I would expect that this script did work for you.  From the fact that it is the last testwall I'm going to assume that it did for a while.  The only thing that comes to mind as to why this would not work would be if for some reason the packet(s) started matching a state of NEW again.  The only reason that I can think of that your packet would erroneously be showing up as a state of NEW again would be if for some reason your conntrack table was full.  Your size conntrack table depends on the amount of memory that you have in the router and thus could possibly be over run as the conntrack table is a FIFO as far as I know.  If this is the case you should have seen some logs in dmesg regarding the conntrack table being full.  Sorry I don't remember the exact wording of the error as it's been over a year sense I dealt with that on a different router.

I don't know what to think about the patch (http://patchwork.netfilter.org/netfilter-devel/patch.pl?id=2587) that Marius referenced as I have not experienced this issue and thus have not had to address it, though it does sound plausible.

One thing that I can recommend is that you check the /proc/net/ipt_recent/<recent list name> file(s) for the existence of a line matching the IP (and possibly the TTL) that you are having problem with.  If there is a line in this file(s) then your IP is in that recent list with a hit count of the number of packets that are listed on the line.  Or at least this is how I understand it.

Something else that I did that you might find useful was to have a rule something like "-m recent --name SSH --remove" to make sure that the IP that you are testing from is NOT in the recent list so you can fiddle with things and then get back to a clean slate with out having to reboot.

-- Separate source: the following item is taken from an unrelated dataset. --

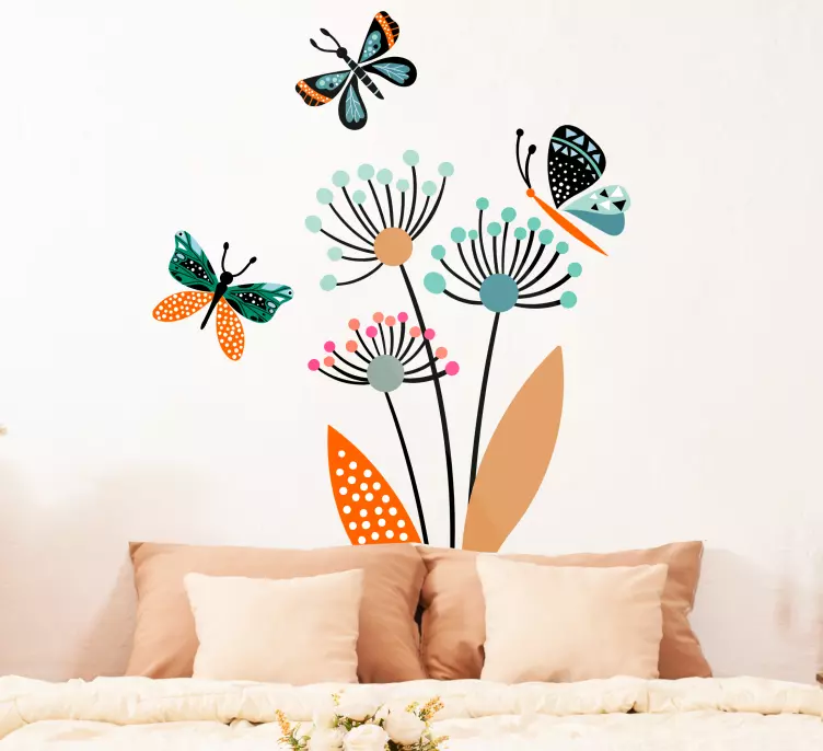 Et Natur klistermærke farverige blomster sommerfugle er den ideelle løsning til at forvandle dit rum. Dette natur klistermærke tilføjer en unik og inspirerende atmosfære, der kan løfte dit hjem til nye højder. Tænk på de glædelige øjeblikke, du vil skabe, når dine gæster beundrer det farverige design og den livlige energi, det bringer! Det er ikke bare et klistermærke, men en måde at udtrykke din personlighed og kærlighed til naturen på.

If you would care to look at the version of the script that I am running take a look at this previous post https://lists.netfilter.org/pipermail/netfilter/2005-June/061362.html



Grant. . . .

curby . wrote:
> I know enough to realize that it didn't stop working just because it
> hates me: most likely, i changed something in the configuration or
> something to make it stop working.  However, I can't think of anyting
> I could have done to two different machines to make them stop working
> in exactly that same way.  Basically, every SSH attempt skips the
> return to the input chain and jumps directly to log/drop or
> log/tarpit.  I've tried increasing the --hitcount, tried rebooting or
> otherwise restarting the network service, tried using a different
> --name in recet, etc.
> 
> I have tried all the following scripts (I can paste their contents in
> if requested but it would be rather annoying because of their combined
> length) with no success.  Any ideas on what might have happened? 
> Kernel version and iptables version didn't change, the recent module
> loads with no errors, and all the iptables commands to insert rules
> complete with no errors.
> 
> Links to variations that I tried with no success:
> 
> http://curby.net/doc/testwall1
> http://curby.net/doc/testwall2
> http://curby.net/doc/testwall3
> http://curby.net/doc/testwall4
> 
> Hopefully it's a really simple typo or something, though with all the
> variations I've tried, I'm starting to doubt that simple explanation. 
> What might the problem be?  Thanks!